Returning to Java. the Memory Model is designed so that the Java compilers are not required to issue cache invalidation and write-through instructions where they are not really needed. The assumption is that the programmer will use an appropriate synchronization mechanism (e.g. primitive mutexes, volatile, higher-level concurrency classes and so on) to indicate that it needs memory visibility. In the absence of a happens-before relation, the Java compilers are free to assume that no cache operations (or similar) are required.

This has significant performance advantages for multi-threaded applications, but the downside is that writing correct multi-threaded applications is not a simple matter. The programmer does have to understand what he or she is doing.

Why can't I reproduce this?

There are a number of reasons why problems like this are difficult to reproduce:

  1. As explained above, the consequence of not dealing with memory visibility issues problems properly is typically that your compiled application does not handle the memory caches correctly. However, as we alluded to above, memory caches often get flushed anyway.

  2. When you change the hardware platform, the characteristics of the memory caches may change. This can lead to different behavior if your application does not synchronize correctly.

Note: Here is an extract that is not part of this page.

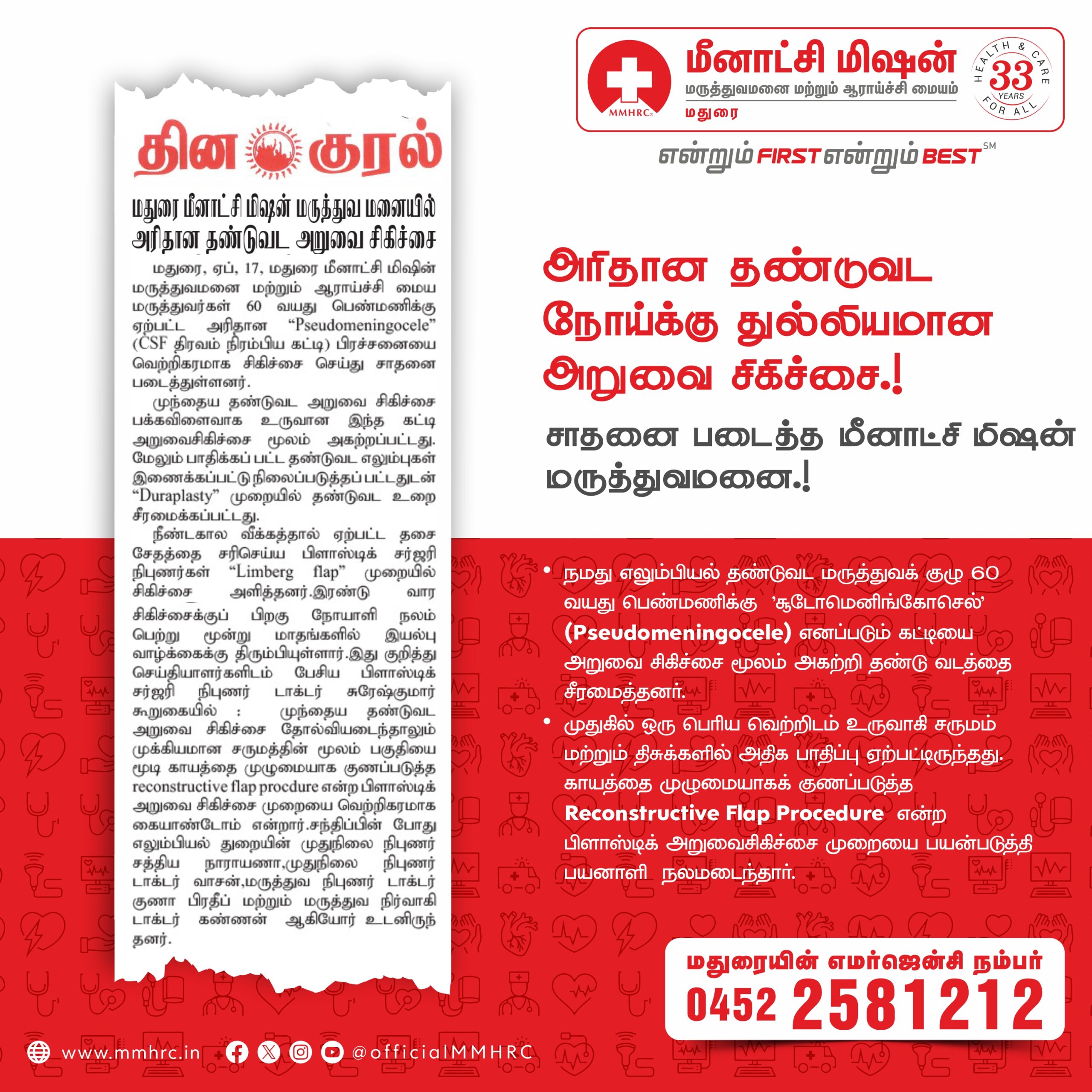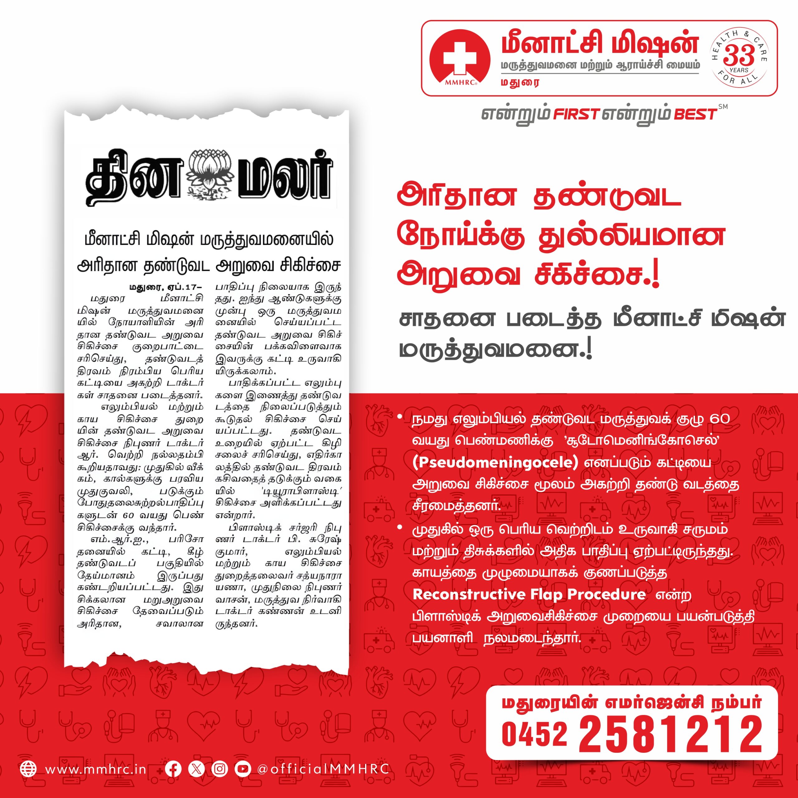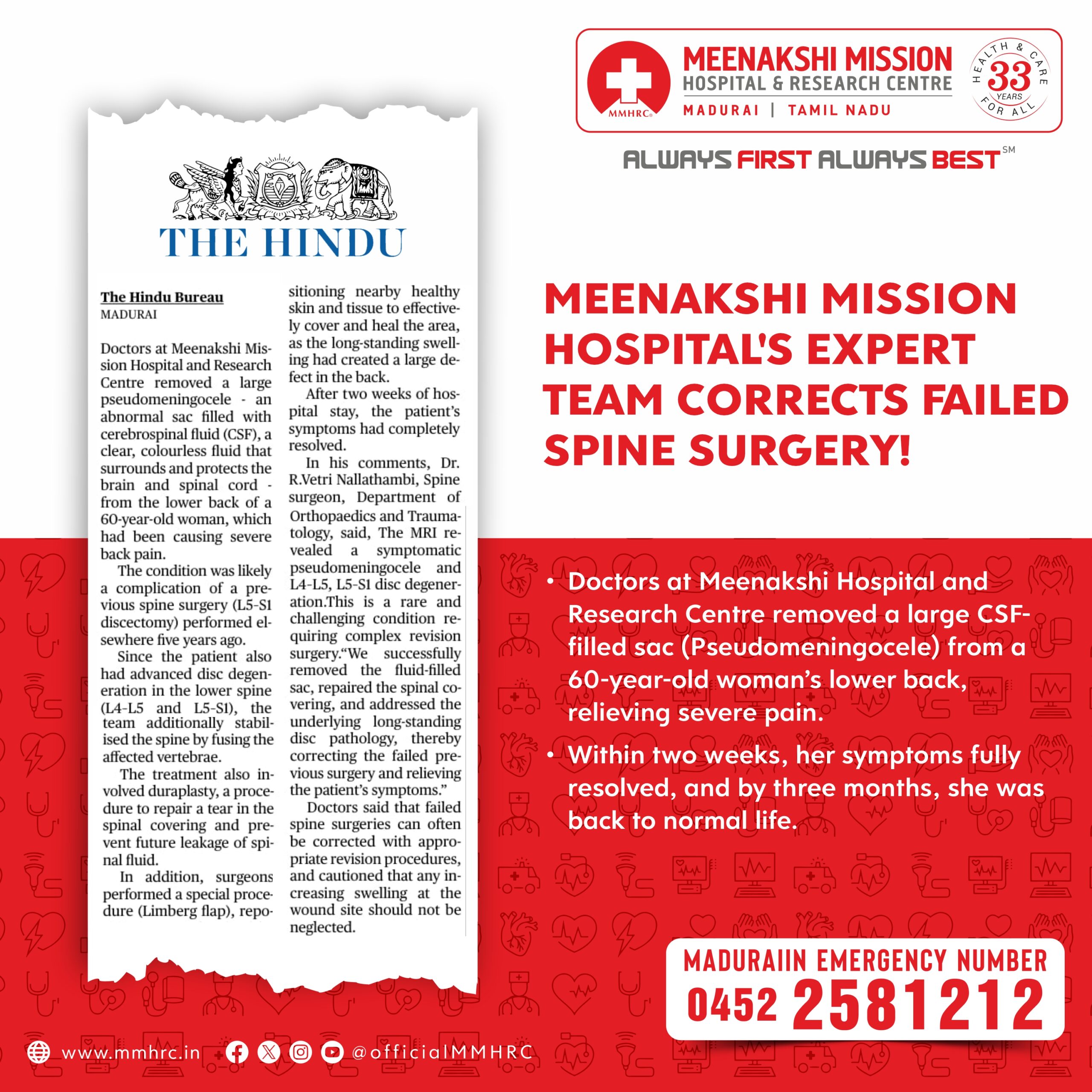 Doctors at Madurai Meenakshi Hospital and Research Centre removed a large CSF-filled sac (pseudomeningocele) from a 60-year-old woman’s lower back, relieving severe pain.

  3. You may be observing the effects of serendipitous synchronization. For example, if you add traceprints, their is typically some synchronization happening behind the scenes in the I/O streams that causes cache flushes. So adding traceprints often causes the application to behave differently.

  4. Running an application under a debugger causes it to be compiled differently by the JIT compiler. Breakpoints and single stepping exacerbate this. These effects will often change the way an application behaves.

These things make bugs that are due to inadequate synchronization particularly difficult to solve.